2.8. Quantitative Analysis of Soluble Protein, Flavonoid, and Betaine Contents in Fresh Wolfberry

To assess the total protein content in fresh wolfberry samples, we employed the BCA method, following the kit instructions provided by the manufacturer (Suzhou Comin Biotechnology Co., Ltd., Suzhou, China) [21]. A volume of 200 µL of supernatant was pipetted into a 96-well plate for measurement, and the absorbance was determined at 562 nm. Protein concentrations are expressed in mg/mL.

The flavonoids and betaine contents in fresh wolfberries were determined using commercial assay kits (Suzhou Comin Biotechnology Co., Ltd., Suzhou, China). For flavonoid determination [23], 0.1 g of wolfberry and 2 mL of 60% (v/v) anhydrous ethanol were added to a pre-cooled mortar and mixed in an ice bath. The mixture was then shaken at 60 °C for 2 h. After extraction, the supernatant was obtained by centrifugation at 25 °C and 10,000× g for 10 min. The flavonoids content was calculated by mixing the supernatant with the appropriate reagents, and the absorbance was measured at 510 nm after resting for 15 min at 25 °C.

For betaine determination, the sample was dried and passed through a 40-mesh sieve (Zhongbao Hardware Mesh Products Co., Ltd., Shijiazhuang, China). Then, 0.02 g of sample and 0.8 mL of water were added to the centrifuge tube and shaken at 60 °C for 30 min. Subsequently, 200 μL of the extract was transferred to a new centrifuge tube, mixed, and centrifuged at 25 °C and 10,000× g for 10 min. The supernatant was collected and allowed to react with the reagent. Finally, 200 μL of reaction mixture was added to a 96-well plate, and the absorbance was determined at 525 nm. Both flavonoid and betaine contents were expressed in mg/g.

2.9. Assessment of MDA and LOX Levels in Fresh Wolfberry

The MDA and LOX in the wolfberry were determined according to instructions given in the assay kit (Suzhou Comin Biotechnology Co., Ltd., Suzhou, China) [24]. The units of MDA and LOX were nmol/g and U/g, respectively.
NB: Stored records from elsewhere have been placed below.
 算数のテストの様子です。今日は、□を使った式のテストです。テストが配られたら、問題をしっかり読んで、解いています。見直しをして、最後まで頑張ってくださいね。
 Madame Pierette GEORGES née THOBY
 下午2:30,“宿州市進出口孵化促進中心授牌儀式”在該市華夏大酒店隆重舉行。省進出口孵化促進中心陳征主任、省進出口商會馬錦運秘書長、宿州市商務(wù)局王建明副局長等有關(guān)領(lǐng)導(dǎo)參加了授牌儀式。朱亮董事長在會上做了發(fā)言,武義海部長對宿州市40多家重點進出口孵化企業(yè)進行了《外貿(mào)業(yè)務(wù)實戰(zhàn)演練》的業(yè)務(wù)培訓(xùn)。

2.10. Determination of H₂O₂ Content and Rate of •O₂⁻ Production in Fresh Wolfberry

To evaluate the generation of reactive oxygen species (ROS) generation, the production rates of H₂O₂ and •O₂⁻ production rates were quantified according to the protocol established by Yang et al. [25]. The H₂O₂ and •O₂⁻ production rate kits were used according to the kit instructions. The concentration of H₂O₂ was expressed in μmol/g, while the production rate of •O₂⁻ was expressed in nmol/g.
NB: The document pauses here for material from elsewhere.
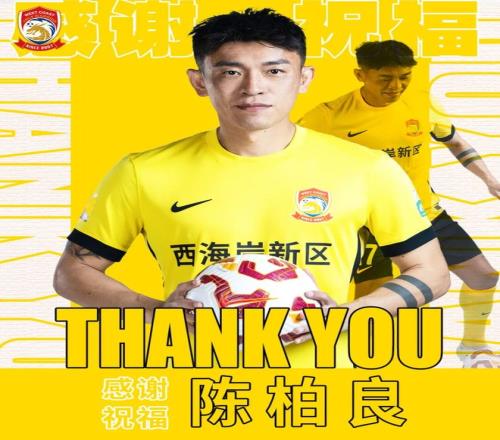 在官宣2名外援留隊的同時,青島西海岸還官宣了球員的離隊。俱樂部發文稱,經與陳柏良友好協商并達成一致,球員正式告別俱樂部。

2.11. Evaluation of SOD, CAT, and POD Enzymatic Activities in Fresh Wolfberry

The activities of antioxidant enzymes in wolfberry were determined by referring to the method described by Liu et al. [26]. The enzymatic activities of SOD, CAT, and POD were measured according to the instructions provided in the assay kit. All the above enzyme activities were expressed in U/g.

2.12. Determination of ASA, GSH Contents and APX, GR, MDHAR, and DHAR Enzyme Activities in Fresh Wolfberry

The concentrations of ASA and GSH concentrations, as well as the enzymatic activities of APX, GR, MDHAR, and DHAR, were quantified using the protocols established by Lu et al. [27]. Following the specific kit instructions, AsA and GSH levels were quantified in μg/g, while the activities of APX, GR, MDHAR, and DHAR were expressed in units per gram of fresh weight (U/g).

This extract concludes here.